Letters to Stagnant Christians #12: The Paralysis of Analysis

Letters to Stagnant Christians #12: The Paralysis of Analysis

Plenty of Christians have found deeply satisfying and intellectually sophisticated answers to questions that troubled them. But they always found them because they were walking with God at the time, moving in His direction, obeying what they already knew, while waiting on Him to teach them further. The man refusing to budge until he gets answers is really the child with a folded-arms sulky posture: demanding God give an account to him of the secrets of the universe or he’ll refuse to come along. The book of Job answers the man demanding explanations by saying that the answers are a lot more than you could comprehend. Trust and submit to what you do understand, and do not presume that you could squeeze the ocean of God’s ways into the the 2 litre bottle of your own intellect.

Dear Jeremy,

It’s always enjoyable to spend time discussing theology with someone like you. You have a very fertile imagination and a robust logic, which combine for stimulating conversation.

Your strength is also your Achilles heel. It is your intellectual aptitude that is your enemy when it comes to the things of faith. You are one of those Christians who gets “stuck in his head”, and hopes to think his way out of the problem. When he can’t, he assumes the only explanation must be that Christianity is faulty (for if it were not, his brilliance would have solved the mental conundrum, right?).

We call this the paralysis of analysis: the Christian who becomes immobile in his devotion, commitment, or even Christian relationships, because he has to “solve” the problem in his mind first. The problem can be of many kinds: how does Christian growth happen, how does prayer really work, how does God’s sovereignty correspond with human choice, how does God’s foreknowledge work with human sinfulness, why does evil exist in a world made by God, why are there so many religions, what happens to those who have not heard the Gospel, could there really be an eternal hell, or many other questions.

Now most thinking Christians face and tackle these questions in some form and at some point in their lives. The difference between them and you is that other Christians integrate these questions into the broader experience of being a Christian. The Christian experience is more than a mental, cerebral experience of problem-solving: it is a life of loving, obeying, serving, and worshipping. In your case, however, these questions become like errors in an equation that must be solved before proceeding one step further. You become fixated on them, chase them around and around, and become quite despondent if you are unable to resolve them in your head.

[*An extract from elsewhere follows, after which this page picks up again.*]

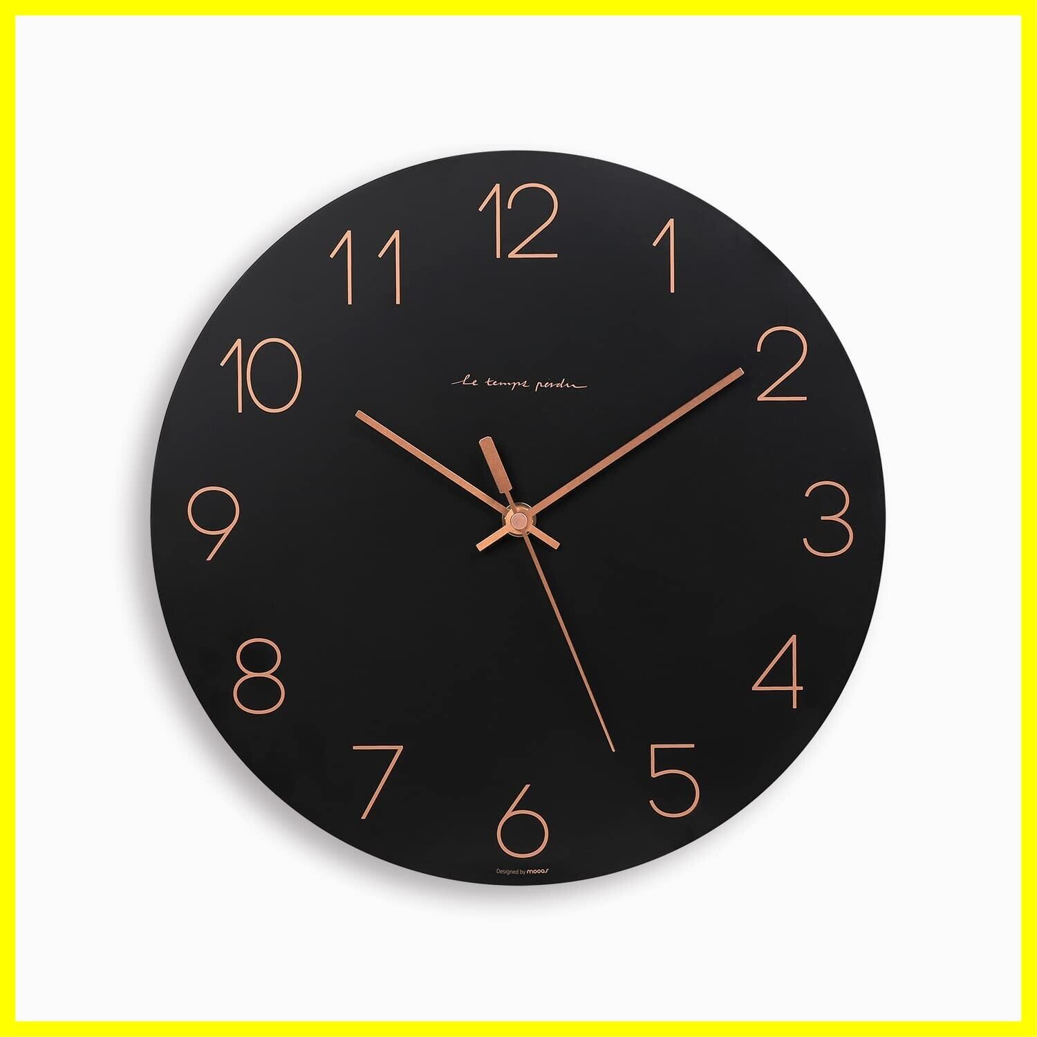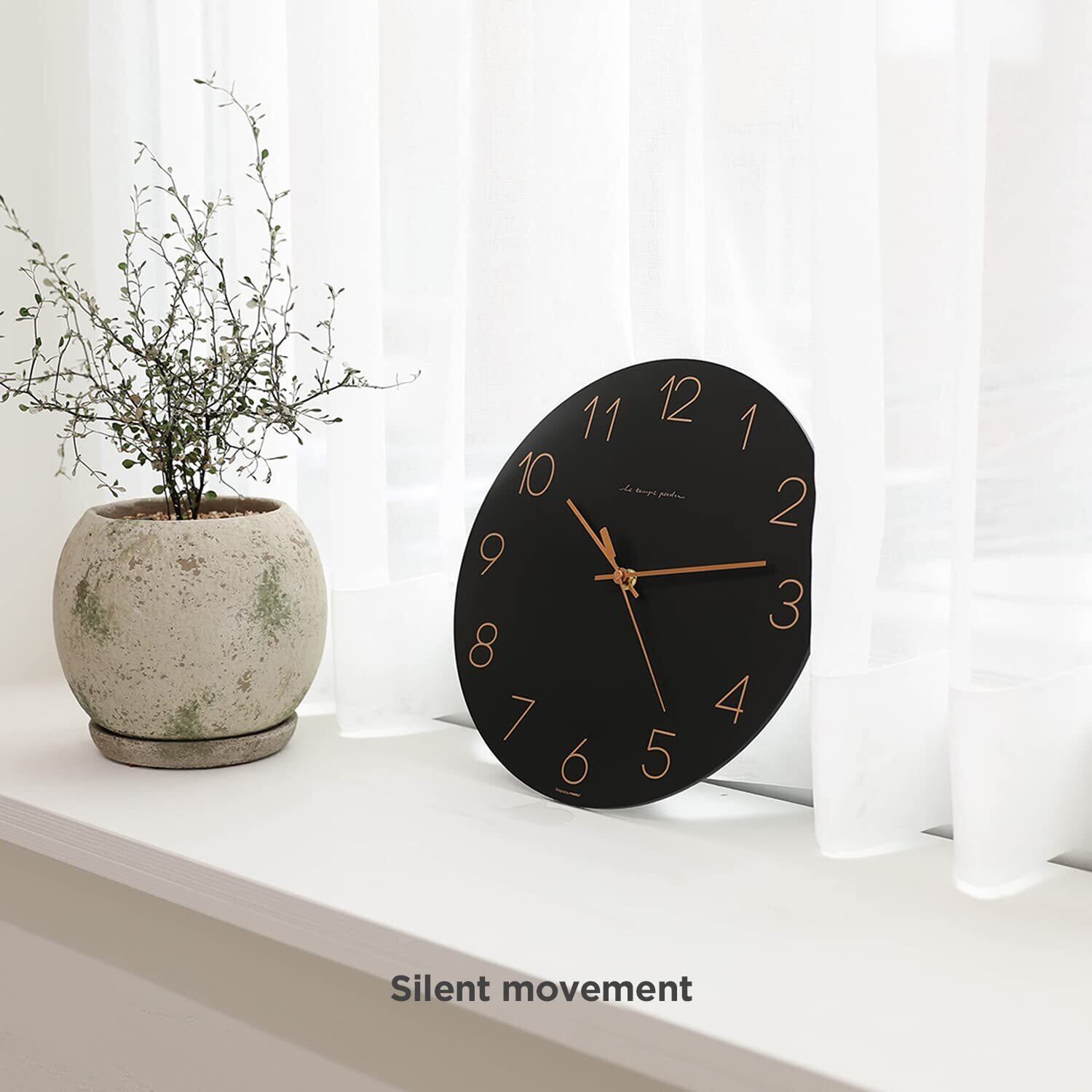 mooas フラットウッドの壁掛け ブラック30.5cm/12インチのウォールクロック、ノンチックサイレント装飾時計、バッテリー作動、金属時計の針、読みやすいホームリビングキッチンベッドルームオフィススクールホテル用

What you cannot see is that it is quite arrogant to reduce the Christian life, and indeed all of life, into mental events taking place inside your head. While you chase these questions as if all of life depended on it, there are all kinds needs around you: people needing to be loved, served, and helped. And you cannot see that while you magnify these questions into all-consuming dilemmas, you are being quite lazy, neglectful, and irresponsible in other areas.